Just because you're in your 60s, it doesn't mean you lack the flexibility to increase your Social Security payout.
Take it at 62...if you wait until 70 or so you won’t break even until your late 70’s. If you don’t need it at 62 take it anyways and dollar cost average it into good investments or give it to your kids or some humane society.
At full retirement age (FRA), there is no penalty for continuing to work while claiming your benefit at the same time. A colleague has done this for the past 6 years to create a cushion plus do some traveling. He has just now actually retired to consult and do some real estate work while claiming his state retirement benefits from 23 years in that job.
“There is, however, a big incentive to hold off on claiming benefits early.”
To wait from 62 to 65, you leave over 100k on the table based on the years you’re NOT collecting. That’s an incentive? LOL!! You’ll be lucky to get a check if you wait til 65.
The one taking at 70 (vs 62) will have missed out on (12 x 8 = ) 96 months of benefits.

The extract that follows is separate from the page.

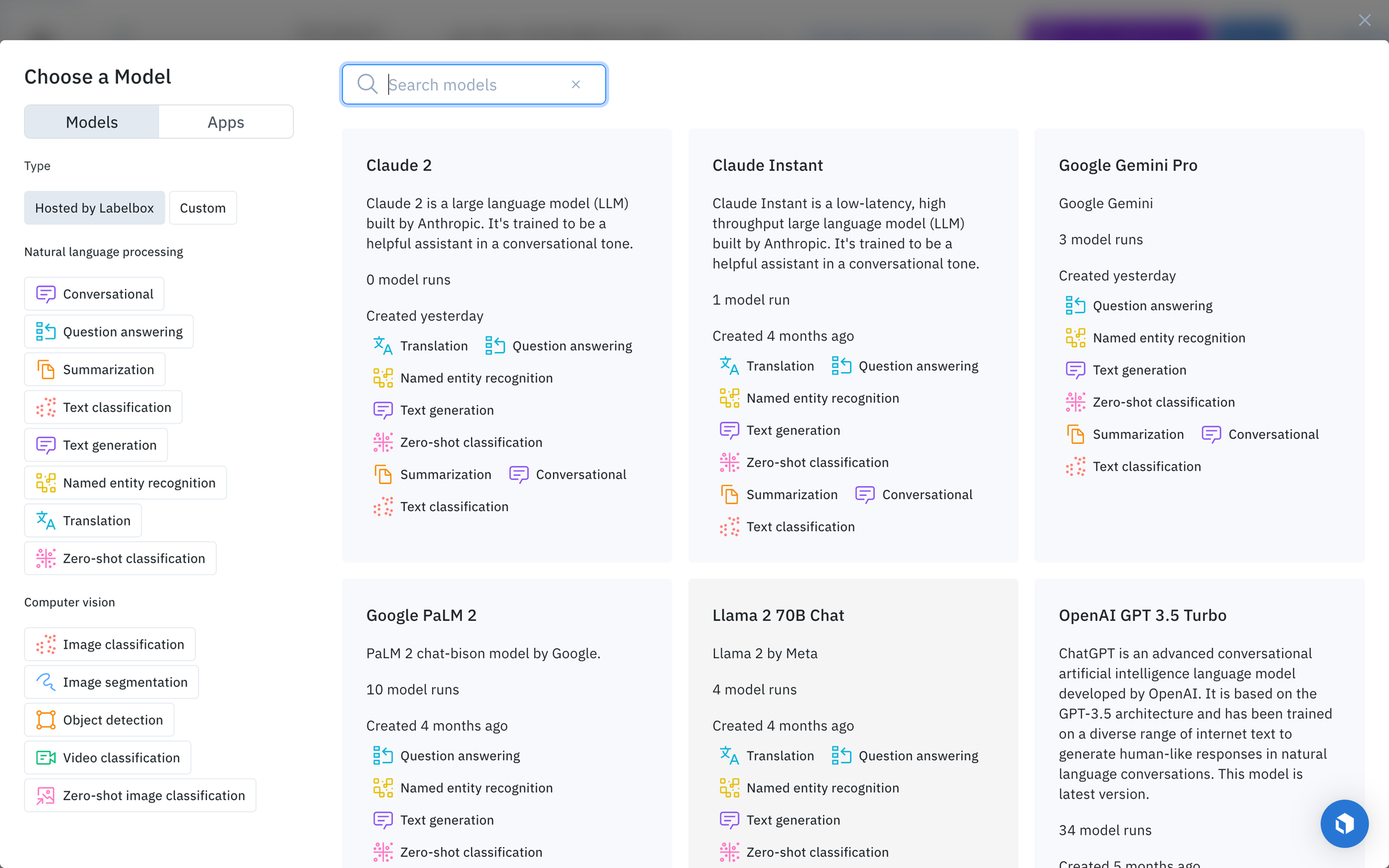 Select a model from the model gallery based on the type of task, such as text classification, summarization, and text generation.

My FRA is 67, hades will freeze before I even think about working full time till then.
Iam 56, fully vested and have 35.5 years in now. I am thinking next June.
To hell with this, I’ve pulled the Cart long and hard enough. Time for some slacker to strap on the yoke. Had Quad CAB surgery in March. I am tired. Need to go fishing.
SSI is just my spending money anyhow...
This so-called salary boast is always looked at in a vacuum. Few ever discuss where someone’s living expenses will come from by holding off from collecting SS. Any money spent from investments and savings ends up making those amounts less at the time you start SS, plus the loss of compounded income on the reduced amounts.
Solutions 1 & 3 are close to the same thing.
Solution 3 seems as though you are essentially taking and then repaying a loan. Lots of details and paperwork to really make it work.
#3 is really a crap-shoot..........
Take it at 62...if you wait until 70 or so you wont break even until your late 70s.
When you die with SS, you do not pass anything on to your estate.
I do not want to give any more to Uncle Sam than I have to...
many people look at the 62 age thing WRONG....
if your goal is to get "every single penny " back, then file and collect at 62...
but if your goal is to be financially well ahead, to keep active, to keep your social contacts, to keep your health insurance, life insurance a little longer, working late makes all the sense...
because one can make far more money WORKING than collecting the measly SS handout....far more....at least I can...
SS is really a pittance....
It's widely believed that SS benefits aren't means-tested but that isn't quite true. If you have other income (i.e. a 401(K) or pension or other retirement savings that you'd BETTER have) at some point the SS benefits are taxed as income. Factor that into your numbers when you're running them prior to retirement.
Lol! You’re right. I needed to THINK about it. Obviously I didn’t.
You can play around with the percentages all you want, but I once ran numbers, and I think there are some charts in the original source that back this up:
The break-even point between collecting early vs. waiting until FRA, is something like 12-14 years. You would have to collect SS starting at age 70 through age 83 (split the difference), before you break even. Obviously if you're alive at the age, you'll be making a higher cumulative income but at that age, is it that important?
I was about to ask if taking it at 62 and investing it would be a better option than waiting. It seems like it would.
August for me. WE have enough in the pension to live off of now.
Soon as we turn 62, we’ll go for SSI. It’s all gravy at that point.
No way am I waiting for 67. I want to be young enough to enjoy the money.